My earliest recollection of breathlessness was not ridden by illness, but by my youthful blindness to the ocean’s brute force. 

A whimsical image featuring a stone wishing well with a pointed roof and supporting posts standing in the middle of a grassy

The wind tugged on the fragile line of my new ‘boogie’ board. I gripped the board’s edges tightly. Soon, crashing Northeastern waves surpassed my hairline and rendered my limbs defenseless to the shifting sand beneath me. I pushed my shaking toes into the sand and felt the burning sensation of miniscule shells as they pressed into my pruned skin. I felt a fissure begin to form in the brittle styrofoam and shivered with fear. What would my father think of me if I were to break his gift to me after only one use? I feared not the ocean that desired to consume me. I feared myself. I feared that I would disappoint my father. My fear of failing my father extended beyond the ocean limits into all aspects of my early life. The eleven year old girl who lingered beneath the surface secretly waited for her father. She hid below, so he would find her.

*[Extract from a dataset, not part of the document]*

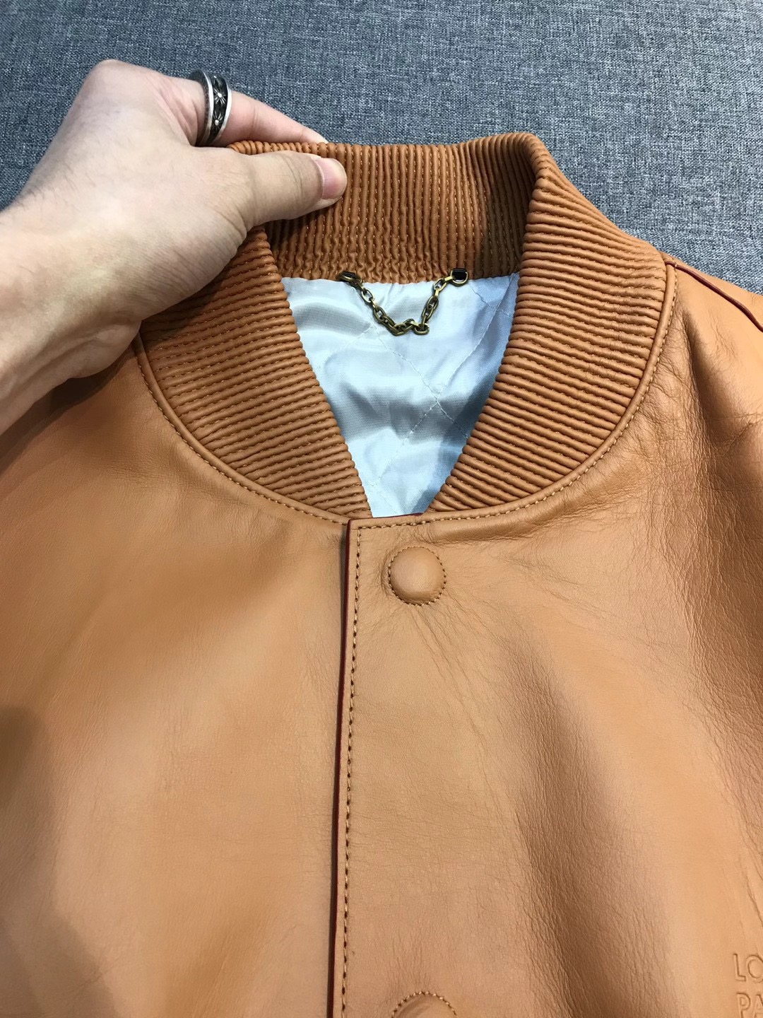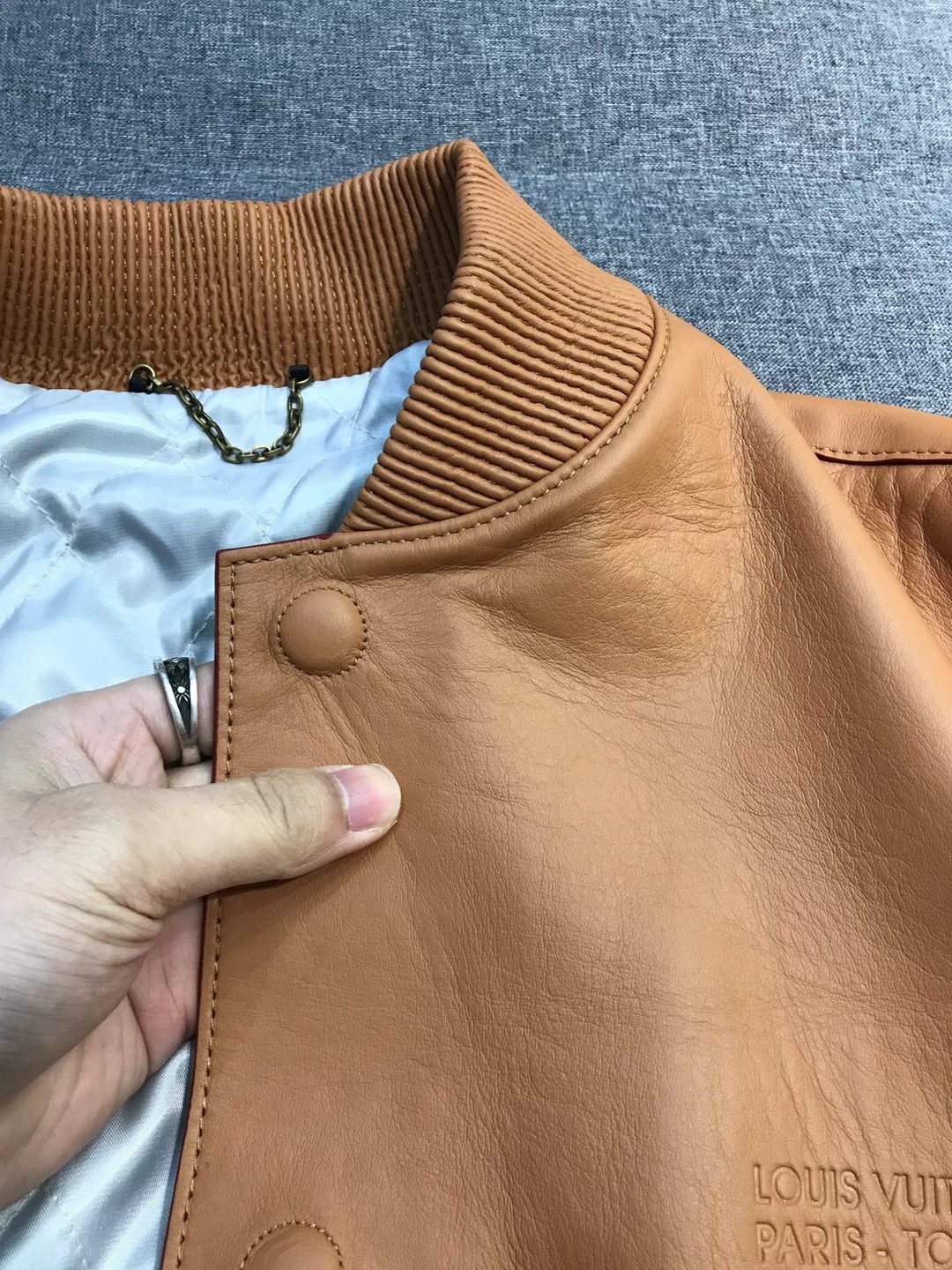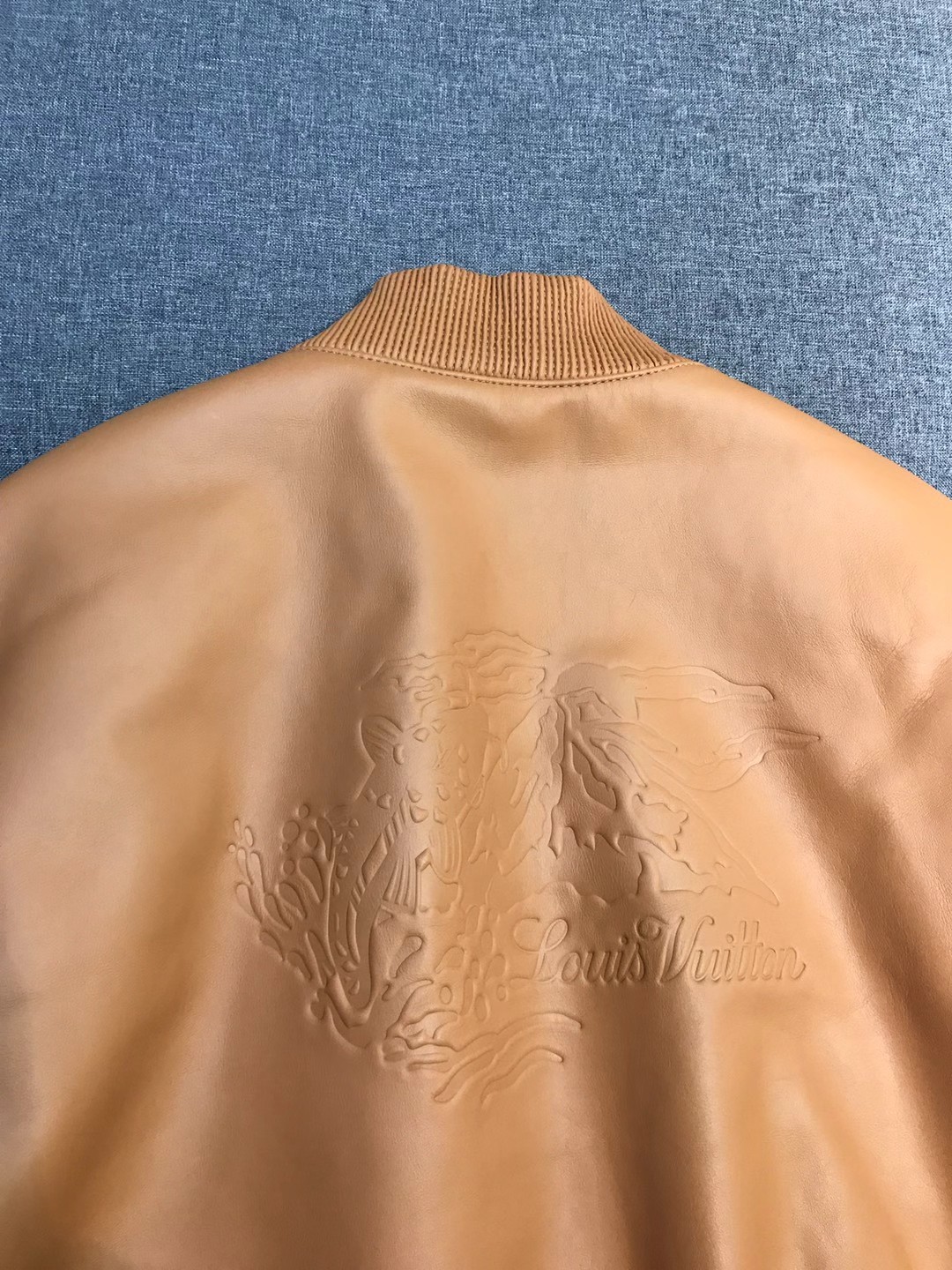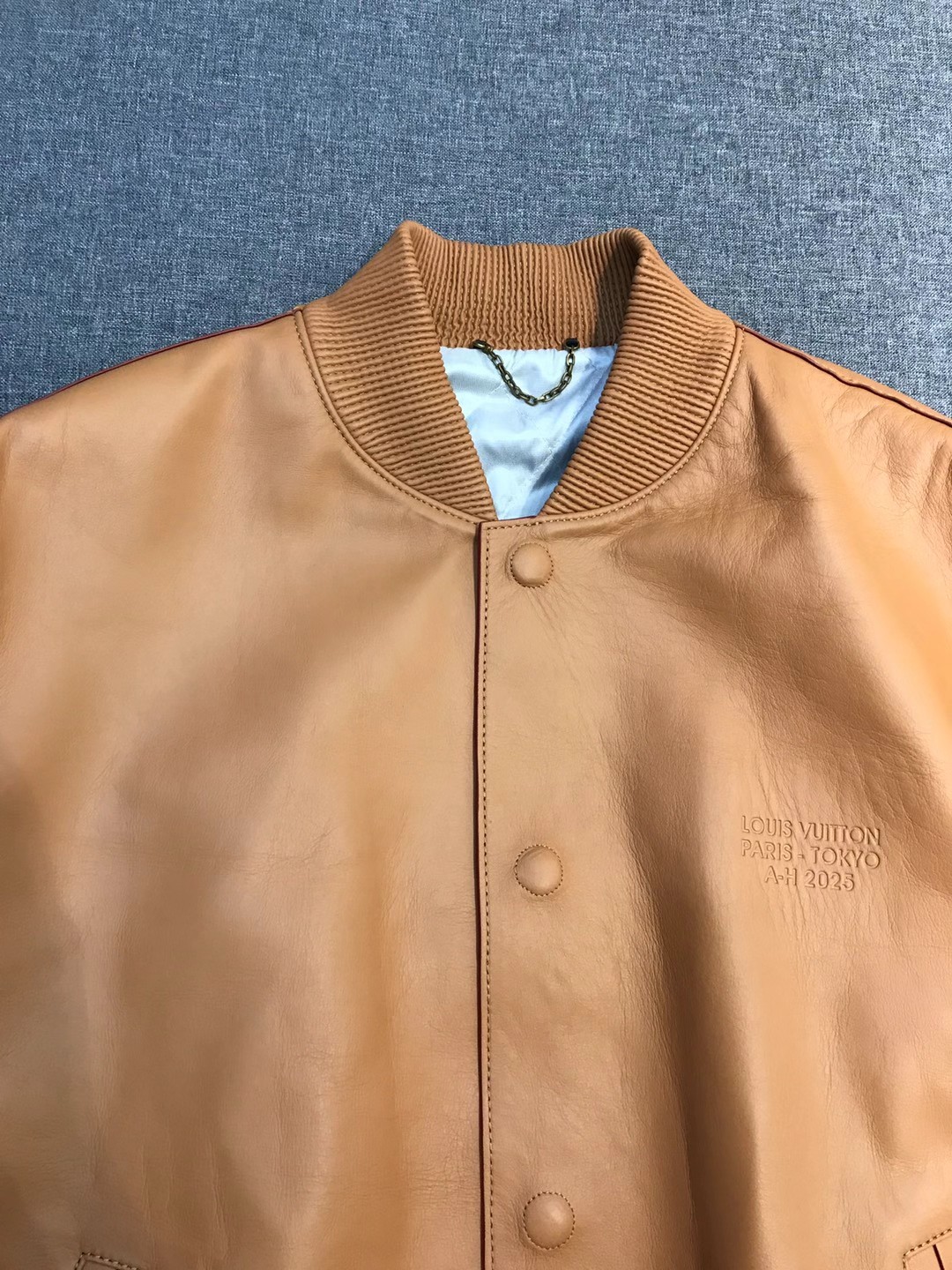 NIGO Louis Vuitton Natural Leather Baseball Jacket Stand Collar Loose Casual Long Sleeve Jacket #nigo332626

As I sank further into the oceanic abyss, I rejected the anatomical limits of my untrained breath. I knew I could not physically sustain submersion in this quiet depth for more than a few seconds; yet, I yearned for nothing more than to preserve the conclave between myself and the sea. My quivering lungs interrupted my pensive state and propelled me toward the unrestrained squeals of clumsy toddlers and a pastiche of striped umbrellas and pastel folding chairs. I stared away from the crowded shore toward an aquamarine horizon littered with distant sailboats. The rapid rise and fall of my chest as my lungs oxygenated contradicted the stillness of the rest of my body. The cacophony of sounds on a beach I had grown up on was suddenly foreign. I thirsted for the enduring rush of salt water that whispered to me just a minute before.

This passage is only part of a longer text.